Metabolic memory underlying minimal residual disease in breast cancer

Principal component analysis of extracellular metabolic profiles of isolated healthy (n = 3; blue) and regressed (n = 3; green) mammary glands after cultivation in cell growth medium for 8 h (Materials and Methods). The metabolomic analysis was targeted to central carbon metabolites. Centroids represent the mean, and concentration ellipses represent one standard deviation (level = 0.68) of an estimated t‐distribution based on the first two principal components.

Selective secreted metabolites with significant change linked to urea cycle components from healthy (n = 3; blue) and regressed (n = 3; green) mammary glands. Values represent metabolite abundance levels as quantified by the area under the curve (AUC) of the marker fragment ions/transitions for each metabolite. Values are plotted on the log₂ scale. Statistics were calculated using the limma package (Ritchie et al, 2015) in R with the significance threshold corresponding to a Benjamini–Hochberg‐adjusted P‐value ≤ 0.05 (residual compared to normal).

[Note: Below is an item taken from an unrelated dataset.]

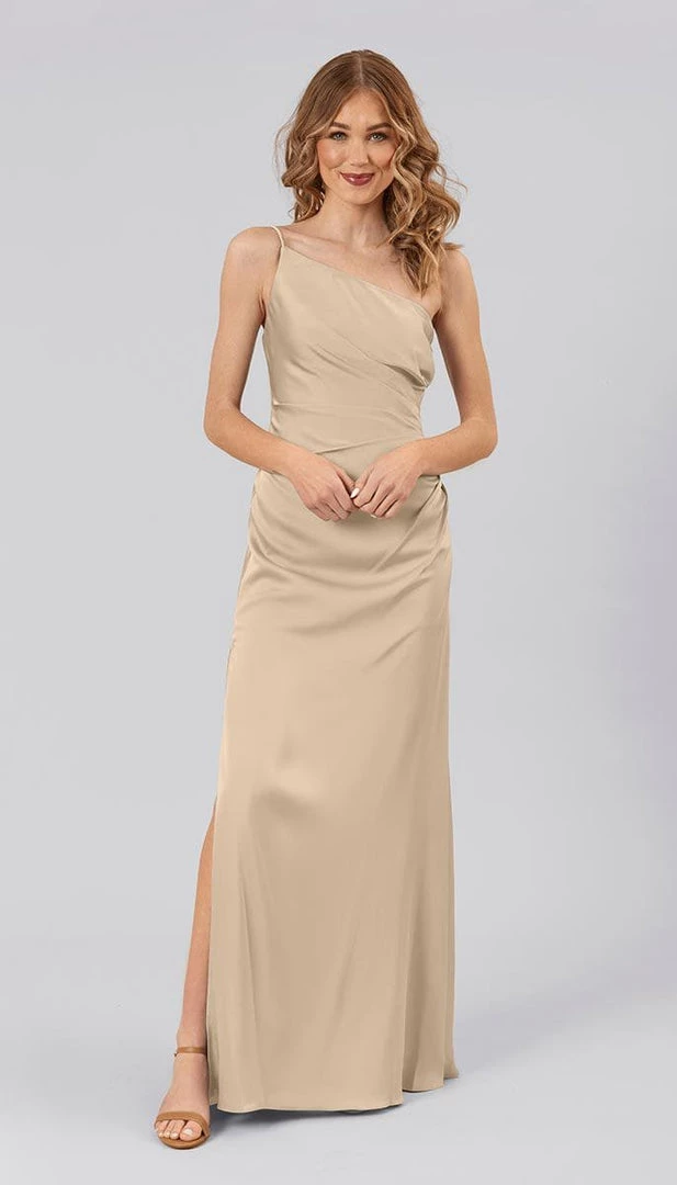 The Reid is an affordable, sleek, sophisticated high quality satin bridesmaids dress that’s the perfect blend of edgy and elegant. This dress is all about flattering any body type with its one-shoulder adjustable strap and ruching along the bodice and skirt. You’re welcome!

Left, Quantification of cells expressing ARG1 (top), an enzyme converting arginine to urea and ornithine, and intensity of ARG1 (bottom) in normal cells from healthy (n = 5, 2,921 cells analyzed; blue) and residual cells from regressed (n = 5, 2,241 cells analyzed; green) mammary gland tissue sections. Statistical differences were calculated with the Mann–Whitney U‐test (Wilcoxon rank‐sum test). Right, Representative images of immunofluorescence staining in normal (top) and residual (bottom) duct stained for ARG1 (green), CDH1 (red), and DAPI (blue). Scale bar: 20 μm.

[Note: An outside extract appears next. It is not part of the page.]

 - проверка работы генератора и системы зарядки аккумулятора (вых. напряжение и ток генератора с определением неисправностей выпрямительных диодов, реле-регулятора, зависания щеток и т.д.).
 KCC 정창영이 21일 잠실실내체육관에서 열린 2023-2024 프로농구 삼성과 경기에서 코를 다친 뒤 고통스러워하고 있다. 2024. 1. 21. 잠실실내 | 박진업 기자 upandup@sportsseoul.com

Nitric oxide synthase (NOS) activity, an enzyme involved in arginine metabolism, in healthy (n = 3; blue) and in residual (n = 3; green) mouse mammary glands. The difference is statistically significant by unpaired two‐sample t‐test.

Fractional labeling of lactate after cultivation of isolated regressed (n = 3; green) and healthy (n = 3; blue) mouse mammary glands in cell growth medium supplemented with [U‐¹³C] glucose for 8 h (Materials and Methods). The three‐carbon labeled (¹³C) isotopologue (M + 3) of lactate is depicted and shows enrichment in the residual cells of the regressed mammary glands. The difference is statistically significant by unpaired two‐sample t‐test.

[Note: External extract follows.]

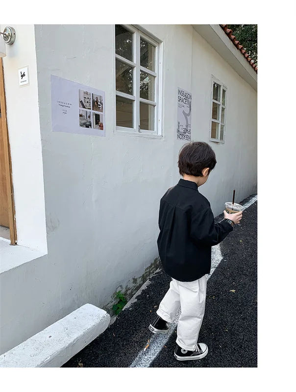 Boys Baby's Kids Blouse Jacket Outwear 2023 Black Spring Autumn Shirts Cotton Gift Plus Size Children's Clothing

Joint clustering of sample‐wise normalized pathway enrichment test statistics (unpaired one‐side two‐sample t‐test) of mouse model (RNA‐seq; normal, n = 8; residual n = 4) and patient (microarray; healthy, n = 10, regressed n = 20). Clustering is based on all genes of human KEGG pathways (or their mouse orthologs) that involve HER2 and are known to be de‐regulated in cancer (Materials and Methods). Hierarchical clustering with the complete linkage method and the Euclidean distance as a distance metric was used for clustering. For the patient comparison, two independent datasets, one from healthy breast tissue (GSE65194) (Maire et al, 2013; Maubant, Tesson et al, 2015) and one from patient tissues after neo‐adjuvant treatment (GSE32072) (Gonzalez‐Angulo et al, 2012), were merged.

Metabolic reactions of glycolysis and the urea cycle; differentially expressed (treated patients vs healthy tissue; Benjamini–Hochberg‐adjusted P < 0.1) enzymes are highlighted in red. An empirical Bayes moderated t‐statistic was computed from a gene‐wise linear model fit with generalized least squares (Ritchie et al, 2015), comparing treated patients (n = 4 samples), which cluster closely with the mouse samples (encircled in f), with healthy breast tissue (n = 10 samples). Differential expression data from mouse in vitro transcriptome data of residual vs normal samples (RNA‐seq; normal, n = 8; residual, n = 4) are shown (two‐sided Wald test (Love et al, 2014), Bonferroni‐adjusted P < 0.1).

Figure 3. Glycolysis and urea cycle components are the main altered metabolic pathways in residual cells in mice and in human datasets.